- Season 1 Volume 1 DVD Cover
- No. of episodes: 23

Release
- Original network: ABC Family
- Original release: July 1, 2008 – March 23, 2009

Season chronology
- Next → Season 2

= The Secret Life of the American Teenager season 1 =

The first season of The Secret Life of the American Teenager, an American television series created by Brenda Hampton, debuted on the ABC Family television network on July 1, 2008. The first season comprises 23 episodes, the first eleven of which ended on September 9, 2008. Despite marketing issues, the remaining twelve ended up as part of the first season, which concluded its initial airing on March 23, 2009. Season one regular cast members include Shailene Woodley, Molly Ringwald, Daren Kagasoff, Kenny Baumann, Francia Raisa, Megan Park, India Eisley, Greg Finley II, Jorge Pallo, Mark Derwin, and Luke Zimmerman.

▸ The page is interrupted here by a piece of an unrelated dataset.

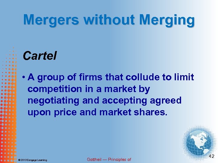 Mergers without Merging Cartel • A group of firms that collude to limit competition in a market by negotiating and accepting agreed upon price and market shares. © 2013 Cengage Learning Gottheil — Principles of 42

Kyle XY was ABC Family's highest rated original series from June 2006 - July 2016, but lost its reign when the series premiere of The Secret Life of the American Teenager brought in 2.8 million viewers. The season finale brought in 4.50 million viewers, 2.4 million of whom were females. The show was the number one scripted telecast on March 23, 2009 in viewers 12-34 and the number one telecast that night in viewers.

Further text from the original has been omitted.